**Your task**
Restate word for word the lines below from the one that has "表4反應(yīng)時間對反應(yīng)收率的影響" through the one that has "1717 год, Версаль.", keeping both and dropping all pictures.

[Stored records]

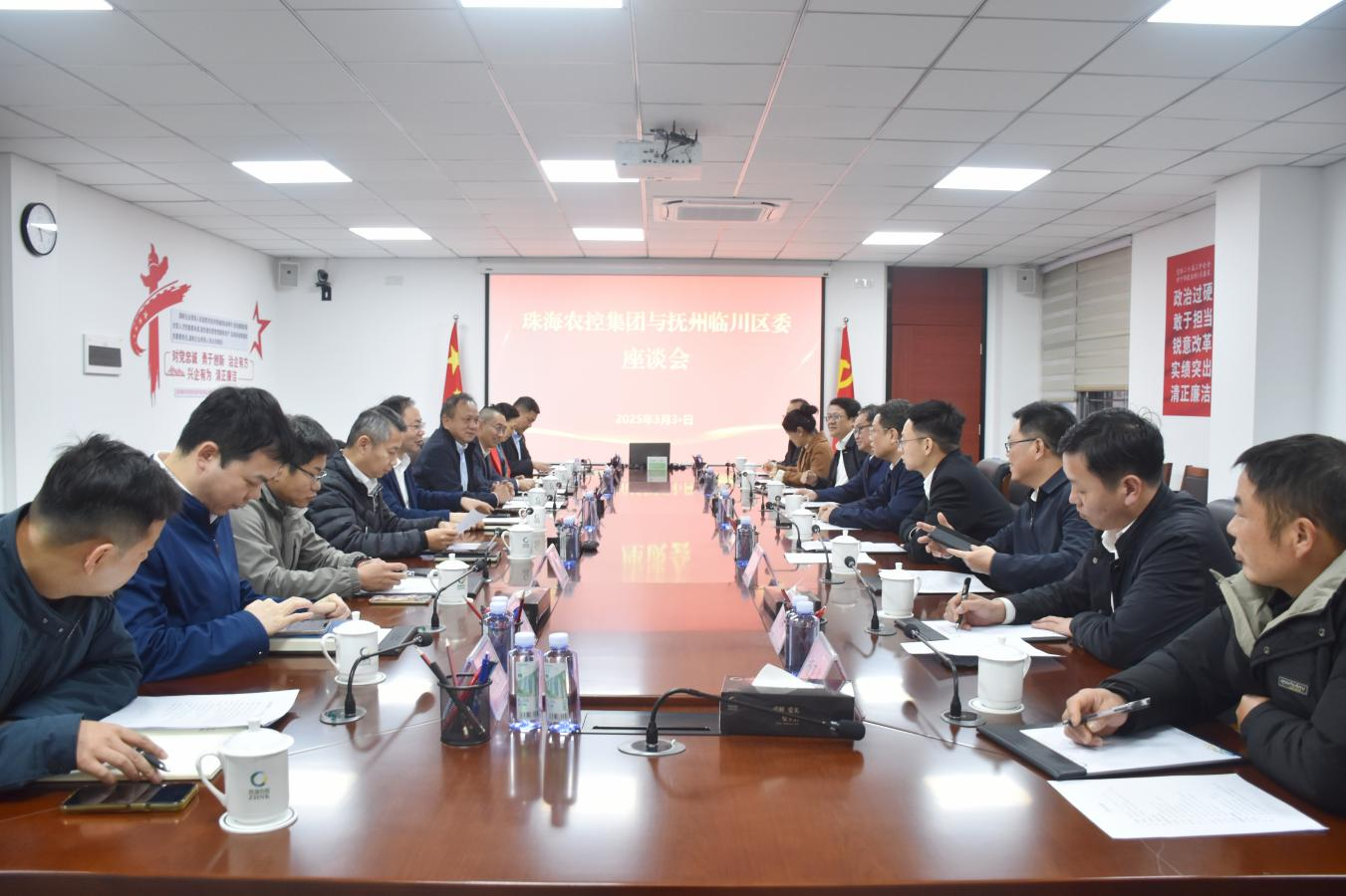 3月31日,江西抚州临川区区委副书记、区长李群彪一行到珠海农控集团就供港澳农产品供应链建设进行座谈交流。珠海农控集团党委书记、董事长李鸿斌出席座谈会,党委副书记、总经理冯能斌主持会议。
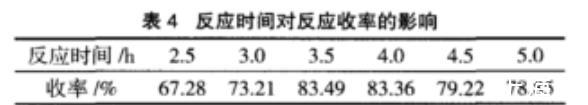 表4反應(yīng)時間對反應(yīng)收率的影響
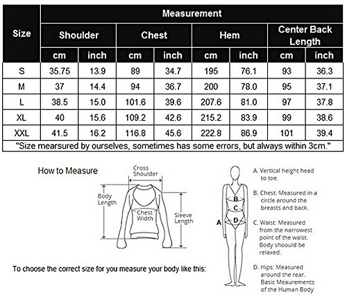 XL---Shoulder40 cm/15.6 inch---Chest109.2 cm/42.6 inch---Hem215.2 cm/83.9 inch---Center Back Length99 cm/38.6 inch
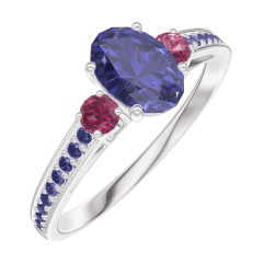 « L'ATELIER » NR. 163955Inel Aur alb 18 carate - Safir albastru Oval 0.5 carate - Pietre laterale Rubin - Încrustare Safir albastru 5 (4)
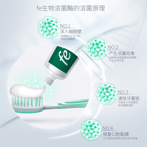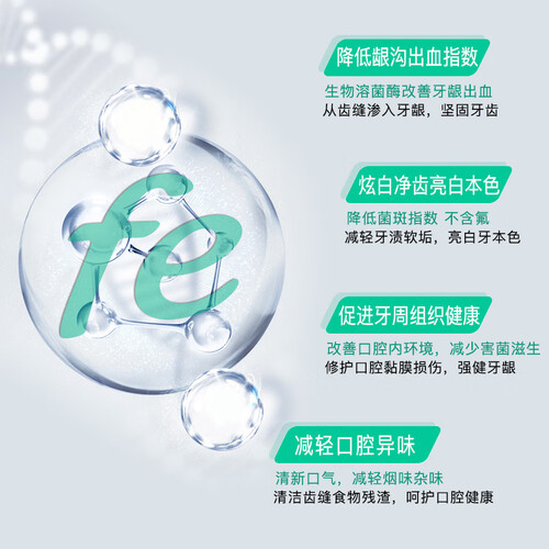 含生物溶菌酶因子,保护牙龈健康,可改善出血肿痛等问题。添加茶叶精粹,不仅能吸附异味,还可以软化清除牙渍污垢。
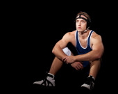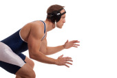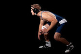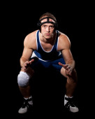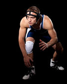 zapaśnik w niebieski podkoszulek. łapka na czarno.
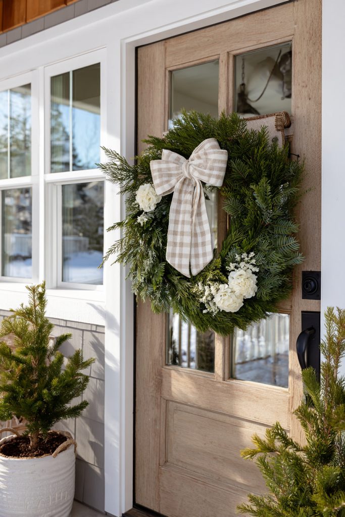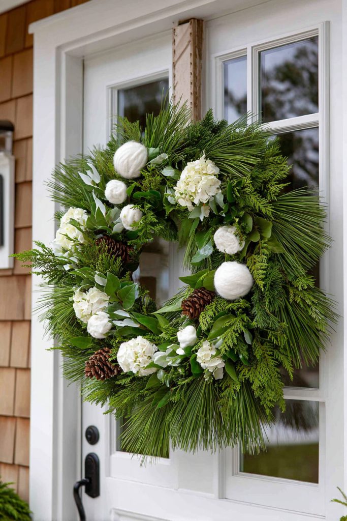 It feels cozy without being too bold. The snowballs give a gentle contrast against the green pine needles, making your doorway inviting all season long.
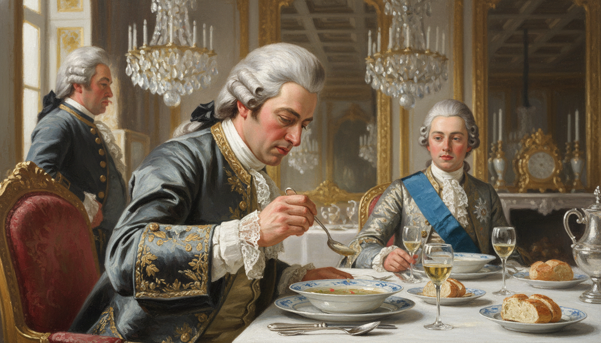 1717 год, Версаль. Русский посол граф Борис Куракин беседует с королем Людовиком XV за обедом. Все шло гладко, пока граф, наклонив тарелку, не заставил немедленно прерваться обед. Французский министр сразу же отворачивается, а дипломатическая атмосфера становится натянутой. Позже Куракин заключит в своем донесении, что "за столом проигрывают больше, чем на поле боя".
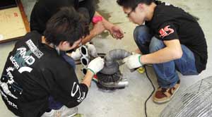即ピットで修理開始、しかしレースではタービンG/Kが吹っ飛ぶ、配管抜けも・・ホースとバンドのグレードアップをお願いした。取り付けも目視して注意を払っていたのだが・・原因は後に判る・・
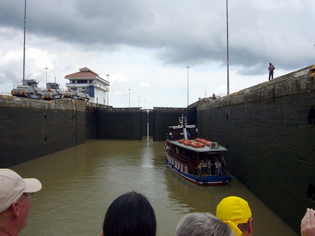 閘門を通過するところだが、この時激しいスコールにより撮影中止。船内で昼食とする。
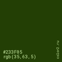 Цвет #233F05 в цветовой модели RGB обозначается тремя октетами (35, 63, 5) в десятичном формате и #233F05 в шестнадцатиричном (hex) формате, которые являются интенсивностью красного 35 (hex 23), интенсивность зелёного 63 (hex 3F) и интенсивность синего 5 (hex 05).
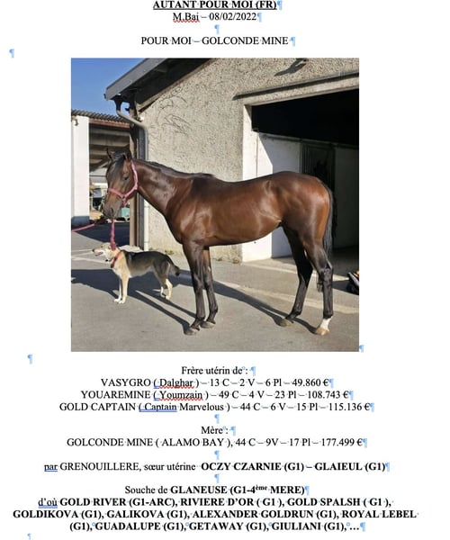 3-jähriger Wallach - AUTANT POUR MOI - Brave und freundlich - Nach 10 Monaten Training - Für weitere Informationen: 00 32 478 860 918 oder mattelin.philippe@bbox.fr
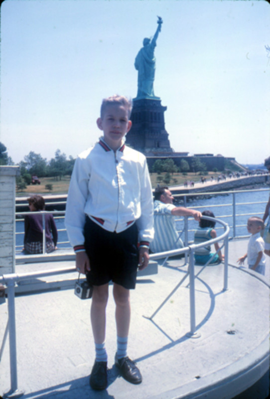 - Niñno de pie en cubierta de barco, al fondo la Estatua de la Libertad
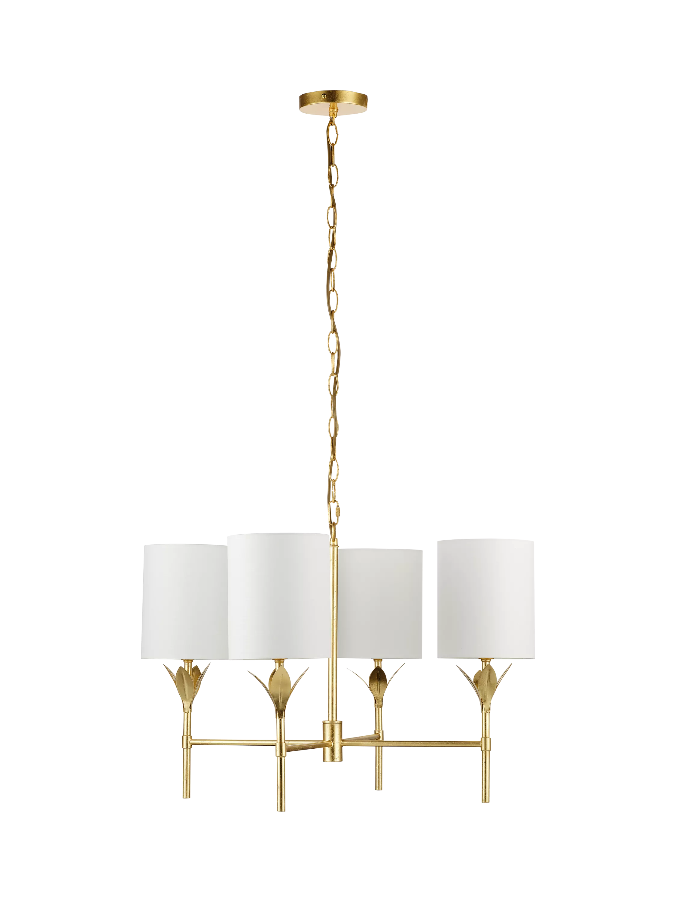 Add a touch of elegance to your space with this stunning chandelier. Featuring a crafted brass-finished metal frame with delicate leaf accents. This ceiling light perfectly updates a classic design with the soft light from four cylindrical white fabric shades. Works in any room.

**Response to the task**
 表4反應(yīng)時間對反應(yīng)收率的影響
 XL---Shoulder40 cm/15.6 inch---Chest109.2 cm/42.6 inch---Hem215.2 cm/83.9 inch---Center Back Length99 cm/38.6 inch
 « L'ATELIER » NR. 163955Inel Aur alb 18 carate - Safir albastru Oval 0.5 carate - Pietre laterale Rubin - Încrustare Safir albastru 5 (4)
 含生物溶菌酶因子,保护牙龈健康,可改善出血肿痛等问题。添加茶叶精粹,不仅能吸附异味,还可以软化清除牙渍污垢。
 zapaśnik w niebieski podkoszulek. łapka na czarno.
 It feels cozy without being too bold. The snowballs give a gentle contrast against the green pine needles, making your doorway inviting all season long.
 1717 год, Версаль. Русский посол граф Борис Куракин беседует с королем Людовиком XV за обедом. Все шло гладко, пока граф, наклонив тарелку, не заставил немедленно прерваться обед. Французский министр сразу же отворачивается, а дипломатическая атмосфера становится натянутой. Позже Куракин заключит в своем донесении, что "за столом проигрывают больше, чем на поле боя".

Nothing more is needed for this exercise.